▶ **WORK REQUIRED**: Write down each entry again, exactly as it reads.

─── DATA SUPPLIED ───

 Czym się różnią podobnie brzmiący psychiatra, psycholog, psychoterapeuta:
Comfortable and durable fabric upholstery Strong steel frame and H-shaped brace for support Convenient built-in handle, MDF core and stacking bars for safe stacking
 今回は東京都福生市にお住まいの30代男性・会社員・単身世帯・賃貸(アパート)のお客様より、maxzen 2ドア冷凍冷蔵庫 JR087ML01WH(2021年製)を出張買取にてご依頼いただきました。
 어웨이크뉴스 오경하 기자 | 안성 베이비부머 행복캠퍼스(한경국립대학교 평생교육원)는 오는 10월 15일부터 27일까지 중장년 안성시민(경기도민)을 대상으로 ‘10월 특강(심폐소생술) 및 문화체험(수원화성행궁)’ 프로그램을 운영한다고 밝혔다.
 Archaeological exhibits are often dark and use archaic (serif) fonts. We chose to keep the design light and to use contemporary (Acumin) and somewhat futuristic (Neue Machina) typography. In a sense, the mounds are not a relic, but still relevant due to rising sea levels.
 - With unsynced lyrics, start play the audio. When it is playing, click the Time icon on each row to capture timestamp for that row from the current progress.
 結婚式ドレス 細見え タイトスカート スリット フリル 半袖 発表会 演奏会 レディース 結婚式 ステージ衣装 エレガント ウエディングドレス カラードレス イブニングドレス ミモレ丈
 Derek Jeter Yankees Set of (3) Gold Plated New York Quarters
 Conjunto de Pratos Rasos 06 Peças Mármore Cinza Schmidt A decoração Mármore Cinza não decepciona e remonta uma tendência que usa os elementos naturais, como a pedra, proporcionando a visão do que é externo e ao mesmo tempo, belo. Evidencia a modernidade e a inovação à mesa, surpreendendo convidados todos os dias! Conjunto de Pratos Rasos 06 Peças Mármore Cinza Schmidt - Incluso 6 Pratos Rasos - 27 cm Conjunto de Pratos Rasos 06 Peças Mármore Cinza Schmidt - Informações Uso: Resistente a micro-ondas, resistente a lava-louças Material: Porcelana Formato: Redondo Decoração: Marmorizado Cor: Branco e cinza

───

▶ **SOLUTION FOR THIS EXERCISE**:
 Czym się różnią podobnie brzmiący psychiatra, psycholog, psychoterapeuta:
Comfortable and durable fabric upholstery Strong steel frame and H-shaped brace for support Convenient built-in handle, MDF core and stacking bars for safe stacking
 今回は東京都福生市にお住まいの30代男性・会社員・単身世帯・賃貸(アパート)のお客様より、maxzen 2ドア冷凍冷蔵庫 JR087ML01WH(2021年製)を出張買取にてご依頼いただきました。
 어웨이크뉴스 오경하 기자 | 안성 베이비부머 행복캠퍼스(한경국립대학교 평생교육원)는 오는 10월 15일부터 27일까지 중장년 안성시민(경기도민)을 대상으로 ‘10월 특강(심폐소생술) 및 문화체험(수원화성행궁)’ 프로그램을 운영한다고 밝혔다.
 Archaeological exhibits are often dark and use archaic (serif) fonts. We chose to keep the design light and to use contemporary (Acumin) and somewhat futuristic (Neue Machina) typography. In a sense, the mounds are not a relic, but still relevant due to rising sea levels.
 - With unsynced lyrics, start play the audio. When it is playing, click the Time icon on each row to capture timestamp for that row from the current progress.
 結婚式ドレス 細見え タイトスカート スリット フリル 半袖 発表会 演奏会 レディース 結婚式 ステージ衣装 エレガント ウエディングドレス カラードレス イブニングドレス ミモレ丈
 Derek Jeter Yankees Set of (3) Gold Plated New York Quarters
 Conjunto de Pratos Rasos 06 Peças Mármore Cinza Schmidt A decoração Mármore Cinza não decepciona e remonta uma tendência que usa os elementos naturais, como a pedra, proporcionando a visão do que é externo e ao mesmo tempo, belo. Evidencia a modernidade e a inovação à mesa, surpreendendo convidados todos os dias! Conjunto de Pratos Rasos 06 Peças Mármore Cinza Schmidt - Incluso 6 Pratos Rasos - 27 cm Conjunto de Pratos Rasos 06 Peças Mármore Cinza Schmidt - Informações Uso: Resistente a micro-ondas, resistente a lava-louças Material: Porcelana Formato: Redondo Decoração: Marmorizado Cor: Branco e cinza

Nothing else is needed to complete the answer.